|Title||Antimicrobial peptides and the interplay between microbes and host : towards preventing porcine infections with Streptococcus suis|
|Author(s)||Gaiser, Rogier A.|
|Source||Wageningen University. Promotor(en): Jerry Wells, co-promotor(en): Peter van Baarlen. - Wageningen : Wageningen University - ISBN 9789462578913 - 239|
Host Microbe Interactomics
|Publication type||Dissertation, internally prepared|
|Keyword(s)||antimicrobial peptides - streptococcus suis - infections - bacteria - microorganisms - host pathogen interactions - pigs - antimicrobiële peptiden - infecties - bacteriën - micro-organismen - gastheer-pathogeen interacties - varkens|
The increasing prevalence of antibiotic resistance in pathogenic bacteria and the potential future implications for human and animal morbidity and mortality, health-care costs and economic losses pose an urgent worldwide problem. As a result, exploration of alternative strategies to combat antibiotic resistant bacteria have intensified over the last decades. The work described in this thesis focused on the study of naturally occurring antimicrobial peptides (AMPs) and other bioactive molecules produced by bacteria as potential alternatives to prevent or treat infections with pathogenic bacteria. A large part of the thesis aimed to increase knowledge about the role of the microbiota (the collection of microbes present at a certain location of the body) of the oral cavity or small intestine in the abundance of Streptococcus suis, a pathogenic bacteria that mostly causes disease in young pigs.
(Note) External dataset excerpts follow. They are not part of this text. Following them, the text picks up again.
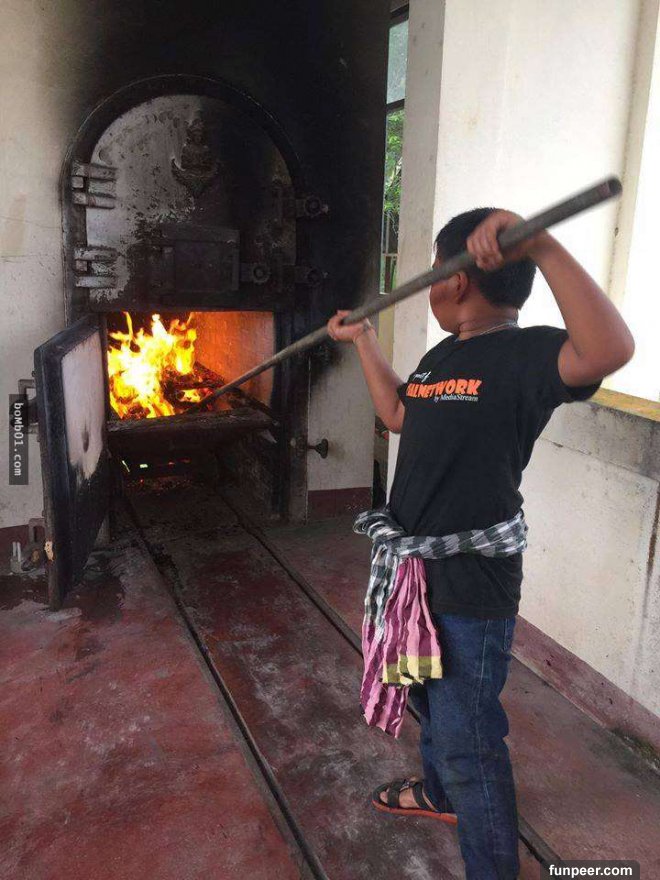 ▼他在殯儀館內負責焚燒死者的相關物品,只見他拿著比自己身高還長的鐵棍,在巨大的火爐內撥動火堆;童稚的臉龐上總是一臉認真,而且從不抱怨辛苦,對他來說,鬼神並不可怕,只怕沒錢幫母親治病。\
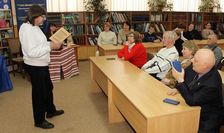 Вітання линули і від директорки бібліотеки Катерини Чабан, яка подарувала гостю рекомендаційний бібліографічний довідник «Календар знаменних і пам’ятних дат Хмельниччини», де вміщена інформація про Славка та стаття про нього, яку написав Віталій Міхалевський.
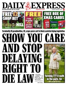 اختارت ديلي إكسبريس قصة إنسانية لصفحتها الأولى، حيث توجهت امرأة مصابة بمرض عضال بنداء لإقرار قانون “الحق في الموت”، قائلة: “أظهروا اهتمامكم وتوقفوا عن تأجيل القانون”.
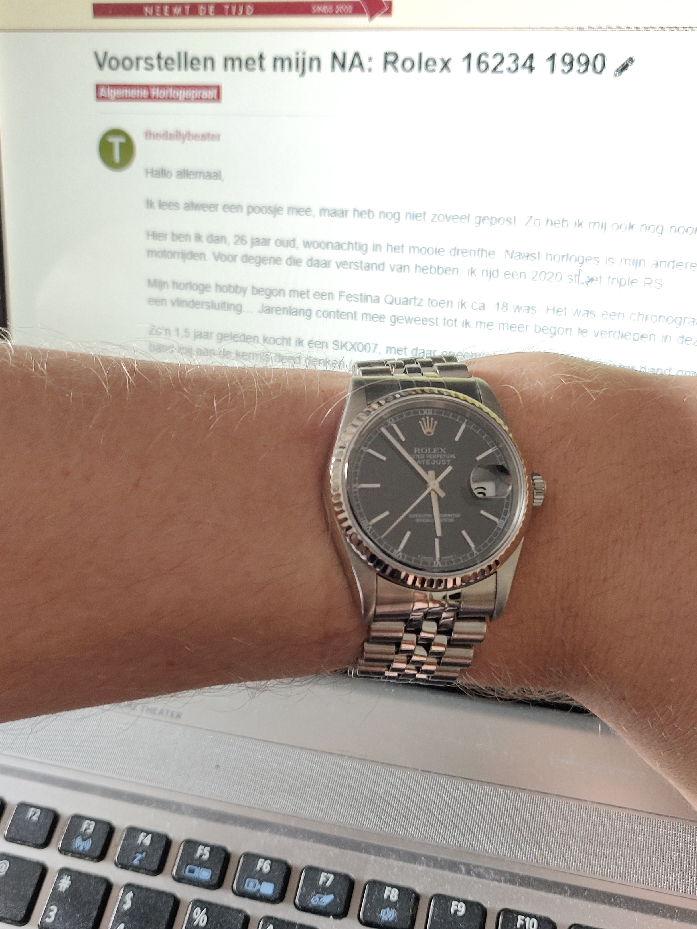 Het is voor mij geworden een 16234 uit 1990 zonder B+P watch only. Eerst hechte ik daar wel veel waarde aan omdat het ook zo gehyped wordt door mede fanaten… maar toen ik het horloge eenmal omhad boeide me dat niet meer zoveel. Deze is voor mij gelinkt aan een verhaal. Een verhaal uit mijn leven, wat net als dit horloge, niet meer weggaat (in ieder geval niet door verkoop :P).
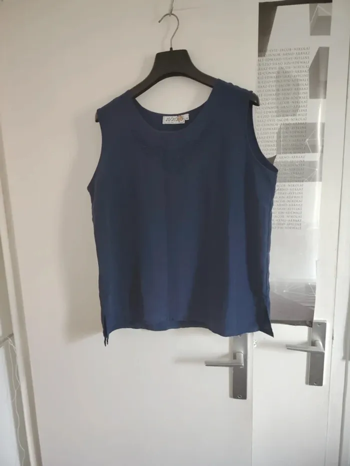 #meganeayronquarantesix Débardeur marine marque 20/20 taille 46 Aisselle à aisselle 56cm Longueur 66cm

We identified commensal bacteria that displayed strong and selective antagonism against this S. suis. Several bacteria that showed strong growth inhibition of S. suis in the lab through the production of AMPs were isolated and characterised. This thesis increased the understanding of the role of host- and microbiota-derived biologically active small molecules in microbe-microbe and microbe-host interplay. Such knowledge may contribute to the development of novel therapeutic solutions to treat antibiotic resistant bacteria, such as beneficial microbial communities (i.e. next-generation probiotics) or biotechnological applications of natural or modified AMPs.